Overcoming The Victim Mentality
- Jon Burgess

- Aug 3, 2023
- 5 min read
Scripture
1Afterward Jesus returned to Jerusalem for one of the Jewish holy days. 2Inside the city, near the Sheep Gate, was the pool of Bethesda, with five covered porches. 3Crowds of sick people—blind, lame, or paralyzed—lay on the porches. 5One of the men lying there had been sick for thirty-eight years. 6When Jesus saw him and knew he had been ill for a long time, he asked him, “Would you like to get well?” 7“I can’t, sir,” the sick man said, “for I have no one to put me into the pool when the water bubbles up. Someone else always gets there ahead of me.” 8Jesus told him, “Stand up, pick up your mat, and walk!” 9Instantly, the man was healed! He rolled up his sleeping mat and began walking! But this miracle happened on the Sabbath, John 5:1-9
Observation
Out of a whole crowd of obvious need Jesus zeroed in on one man at the pool of Bethesda. Jesus goes on to explain to the whining Pharisees later that He only does what He sees His Father doing. This man in particular was ready to overcome a lifetime of victimhood. Jesus starts out by asking him a simple and obvious question, “Would you like to get well?” He could have answered with a cynical, “Well, duh! Why do you think I’m here every day at the healing waters in the first place?” Confession is so key in the Kingdom. Speaking out loud, to Jesus, what we need Him to do that we can’t do. Then, in a very honest confession this man explains why he can’t get to the waters. Every day he is forced to watch other people step over him or even on him and get healed because he never has anyone to help him… until now. Yet, Jesus does something unexpected.
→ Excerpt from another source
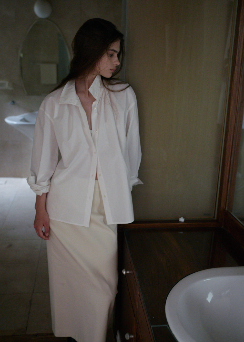 やわらかく上品なクリームカラーは、フォーマルなセットアップから感度の高いデイリースタイリングまで自然に馴染み、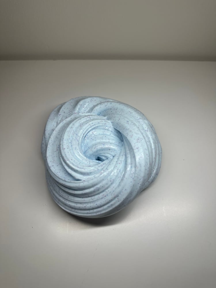 Bubblegum Cream is a soft, smooth butter slime that feels like spreading whipped bubblegum frosting. Lightly pastel blue and sprinkled with pink and blue glitter, it’s sweet, dreamy and oh-so satisfying to squish! 🫧🩵

Instead of picking the man up and pushing everyone else aside to get him in the water, Jesus, the living water tells him to do it himself, “Stand up, pick up your mat, and walk!" How cruel. This paralyzed man has just told Him what he can’t do and yet Jesus is telling him to do the impossible. Instead of doing it for him or even giving him a helping hand he steps right over a lifetime of a very justified victim mentality and believes in the man before the man even believed in Him. Verse 9 is amazing because there’s no delay, argument, excuses, or pushback. “Instantly, the man was healed! He rolled up his sleeping mat and began walking!” As with all healing, this man had to overcome the lies in his head before he could walk it out, literally, in his life. The battle against the victim mentality started with his confession to Christ, continued with his inner decision to take Jesus at His word over every other word spoken over him, and then was victorious in his body as he obeyed what Jesus told him to do.
Application.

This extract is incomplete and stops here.